As such, oil in USD was the key systemic lynchpin. Now, let’s look at this with oil priced in CNY per above:

If gold rises in CNY when CNY can buy oil (and other commodities), it means gold buys MORE oil in CNY than it does in USD. Once this happens, gold tonnage and oil volumes will move to China. This will continue to happen until either western gold vaults are emptied or gold prices begin to rise in USD terms to allow the USD Gold/Oil Ratio (GoR) to match the CNY GoR.

And what are we currently seeing in London with physical gold? Empty.

But as of yet, there is still little mainstream awareness that it is CNY oil and gas that is ALLOWING China to take control of the gold price and more importantly, the second derivative of China controlling the gold price remains poorly understood:

If China controls USD gold prices, China can influence USD inflation expectations over time.

Screenshot 2025-03-03 at 1.52.18 PM.png


If China can influence USD inflation expectations, China can influence UST rates.

If China can influence UST rates, China can weaponize the US’ record debt/GDP and deficit/GDP against the US essentially forcing US policymakers to either slash US Entitlements and Defense to pay interest or to find a new source of balance sheet to finance US deficits (QE, YCC, bank SLR exemptions for USTs), which will weaken the USD and send US inflation to new secular highs.

Now of course, Musk under Trump is on the loose trying to cut US spending. There is a problem however: cutting spending, before you restructure the debt, will cause debt/GDP to collapse, which is happening as I type:

Screenshot 2025-03-03 at 2.11.22 PM.png

Which is a problem.

All of this is made possible because Russia is willing to sell oil to China in CNY! Gold is re-becoming an oil currency.
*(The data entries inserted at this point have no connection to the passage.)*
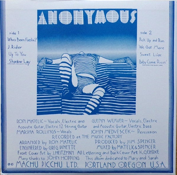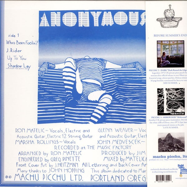 – Sleeve notes from Aaron Milenski (co-author of the essential reference guide The Acid Archives), and recollections from Ron Matelic, Anonymous’ visionary songwriter.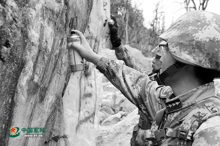 路的尽头,他们描红“中国”二字。图片由米古边防营5连官兵提供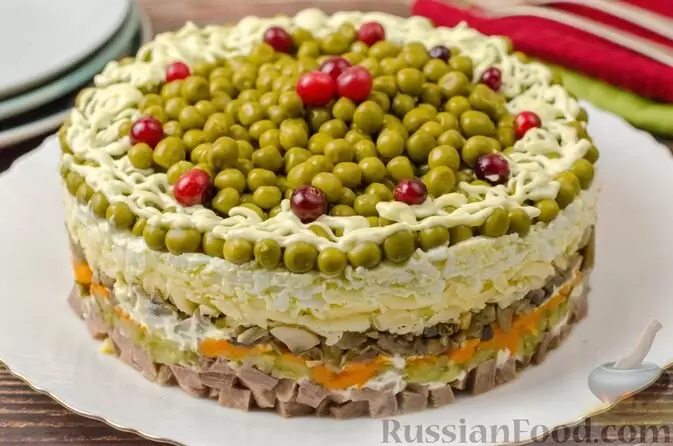 Слоёный салат с языком и шампиньонами станет настоящей звездой любого застолья. Насыщенный и яркий вкус ингредиентов, таких как говяжий язык, маринованные огурцы и сыры, заставит гостей не раз оценить это блюдо по достоинству.

As it does, “oil fitting into gold” when oil is some 12-15x the size of gold markets globally should continue to drive gold higher.

A couple of technical charts, just cause they are fun:

Screen Shot 2024-08-17 at 8.35.40 AM.pngScreenshot 2025-03-03 at 1.41.04 PM.png

So the technical signal for the move higher occurred in 2024. I did post this chart at the time, just find the post somewhere in January 2024 DDD.

What an entry if you were simply looking to trade this.